Reviewed-by: Masahiko Sawada <masahiko.sawada@2ndquadrant.com>
Discussion:
https://www.postgresql.org/message-id/CA%2Bfd4k4dM0iEPLxyVyme2RAFsn8SUgrNtBJOu81YqTY4V%2BnqZA%40mail.gmail.com

Branch
------
master

Details
-------
https://git.postgresql.org/pg/commitdiff/329730827848f61eb8d353d5addcbd885fa823da

Modified Files
--------------
doc/src/sgml/config.sgml                           | 20 +++++++++++
.../libpqwalreceiver/libpqwalreceiver.c            |  4 +++
src/backend/replication/walreceiver.c              | 41 ++++++++++++++++++++++
src/backend/utils/misc/guc.c                       |  9 +++++
src/backend/utils/misc/postgresql.conf.sample      |  1 +
src/include/replication/walreceiver.h              |  7 ++++
6 files changed, 82 insertions(+)


Re: pgsql: walreceiver uses a temporary replication slot by default

From
Robert Haas
Date:
On Tue, Jan 14, 2020 at 8:57 AM Peter Eisentraut <peter@eisentraut.org> wrote:
> walreceiver uses a temporary replication slot by default
>
> If no permanent replication slot is configured using
> primary_slot_name, the walreceiver now creates and uses a temporary
> replication slot.  A new setting wal_receiver_create_temp_slot can be
> used to disable this behavior, for example, if the remote instance is
> out of replication slots.
>
> Reviewed-by: Masahiko Sawada <masahiko.sawada@2ndquadrant.com>
> Discussion:
https://www.postgresql.org/message-id/CA%2Bfd4k4dM0iEPLxyVyme2RAFsn8SUgrNtBJOu81YqTY4V%2BnqZA%40mail.gmail.com

Neither the commit message for this patch nor any of the comments in
the patch seem to explain why this is a desirable change.

I assume that's probably discussed on the thread that is linked here,
but you shouldn't have to dig through the discussion thread to figure
out what the benefits of a change like this are.

-- 
Robert Haas
EnterpriseDB: http://www.enterprisedb.com
The Enterprise PostgreSQL Company



Re: pgsql: walreceiver uses a temporary replication slot by default

From
Peter Eisentraut
Date:
On 2020-01-23 21:49, Robert Haas wrote:
> On Tue, Jan 14, 2020 at 8:57 AM Peter Eisentraut <peter@eisentraut.org> wrote:
>> walreceiver uses a temporary replication slot by default
>>
>> If no permanent replication slot is configured using
>> primary_slot_name, the walreceiver now creates and uses a temporary
>> replication slot.  A new setting wal_receiver_create_temp_slot can be
>> used to disable this behavior, for example, if the remote instance is
>> out of replication slots.
>>
>> Reviewed-by: Masahiko Sawada <masahiko.sawada@2ndquadrant.com>
>> Discussion:
https://www.postgresql.org/message-id/CA%2Bfd4k4dM0iEPLxyVyme2RAFsn8SUgrNtBJOu81YqTY4V%2BnqZA%40mail.gmail.com
> 
> Neither the commit message for this patch nor any of the comments in
> the patch seem to explain why this is a desirable change.
> 
> I assume that's probably discussed on the thread that is linked here,
> but you shouldn't have to dig through the discussion thread to figure
> out what the benefits of a change like this are.

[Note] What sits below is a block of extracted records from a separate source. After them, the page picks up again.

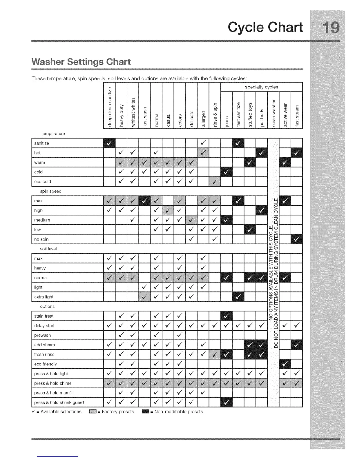 These temperature, spin speeds, soil levels and options are available with the following cycles:
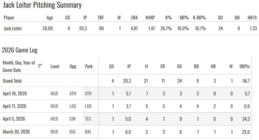 Let’s check back on Jack Leiter. Suddenly his ERA is up to 4.87 and his K-BB% is down to 17%.
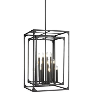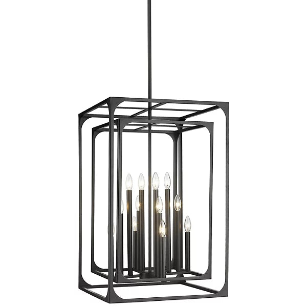 The Albert Chandelier from Alder & Ore adds the dynamic visual power of geometric design. Ideal for modern or industrial spaces, this chandelier showcases an impactful fusion of geometry and minimalist aesthetics. It boasts linear elements and a structured aesthetic, perfectly aligned for the latest minimalist decor trends. The candelabra bulb mounts are thoughtfully arranged in a graduated pattern, taking center stage within a dual-layered, openwork matte black metal frame. Illuminate your space with a bold, captivating style.
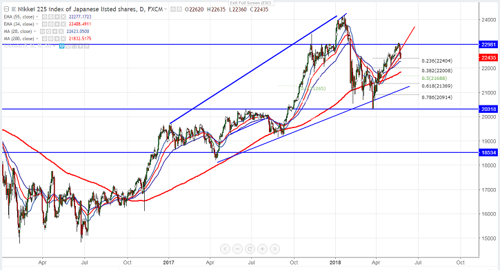 - Asian markets are trading extremely weak of more than 1% on renewed geo political tensions between US -China.US President Trump ordered his commerce department to consider probe into fresh tariffs on foreign vehicles. “Core industries such as automobiles and automotive parts are critical to our strength as a nation,” Trump said in a statement late Wednesday. Dow Jones recovered almost more than 200 points from low after Fed minutes meeting. US futures is trading marginally negative with Dow Jones at 24807 (0.18% lower) and S&P500 2725 (0.15% lower). It is currently trading around 22420 0.88% lower.

You are right, this has gotten a bit lost in the big thread.

The rationale is basically the same as why client-side tools like 
pg_basebackup use a temporary slot: So that the WAL data that they are 
interested in doesn't disappear while they are connected.

-- 
Peter Eisentraut              http://www.2ndQuadrant.com/
PostgreSQL Development, 24x7 Support, Remote DBA, Training & Services



Re: pgsql: walreceiver uses a temporary replication slot by default

From
Jehan-Guillaume de Rorthais
Date:
Hello,

On Mon, 10 Feb 2020 16:37:53 +0100
Peter Eisentraut <peter.eisentraut@2ndquadrant.com> wrote:

> On 2020-01-23 21:49, Robert Haas wrote:
> > On Tue, Jan 14, 2020 at 8:57 AM Peter Eisentraut <peter@eisentraut.org>
> > wrote:  
> >> walreceiver uses a temporary replication slot by default
> >>
> >> If no permanent replication slot is configured using
> >> primary_slot_name, the walreceiver now creates and uses a temporary
> >> replication slot.  A new setting wal_receiver_create_temp_slot can be
> >> used to disable this behavior, for example, if the remote instance is
> >> out of replication slots.
> >>
> >> Reviewed-by: Masahiko Sawada <masahiko.sawada@2ndquadrant.com>
> >> Discussion:
> >> https://www.postgresql.org/message-id/CA%2Bfd4k4dM0iEPLxyVyme2RAFsn8SUgrNtBJOu81YqTY4V%2BnqZA%40mail.gmail.com  
> > 
> > Neither the commit message for this patch nor any of the comments in
> > the patch seem to explain why this is a desirable change.
> > 
> > I assume that's probably discussed on the thread that is linked here,
> > but you shouldn't have to dig through the discussion thread to figure
> > out what the benefits of a change like this are.  
> 
> You are right, this has gotten a bit lost in the big thread.
> 
> The rationale is basically the same as why client-side tools like 
> pg_basebackup use a temporary slot: So that the WAL data that they are 
> interested in doesn't disappear while they are connected.

In my humble opinion, I prefer the previous behavior, streaming without
temporary slot, for one reason: primary availability. 

Should the standby lag far behind the primary (no matter the root cause),
the standby was disconnected because of missing WAL. Worst case scenario, we
must rebuild it, hopefully from backups. Best case scenario, it fetches WALs
from PITR backup. As soon as the later is possible in the stack, I consider slot
like a burden from the operability point of view. If standbys can not fetch
archived WAL from PITR, then we can consider slots.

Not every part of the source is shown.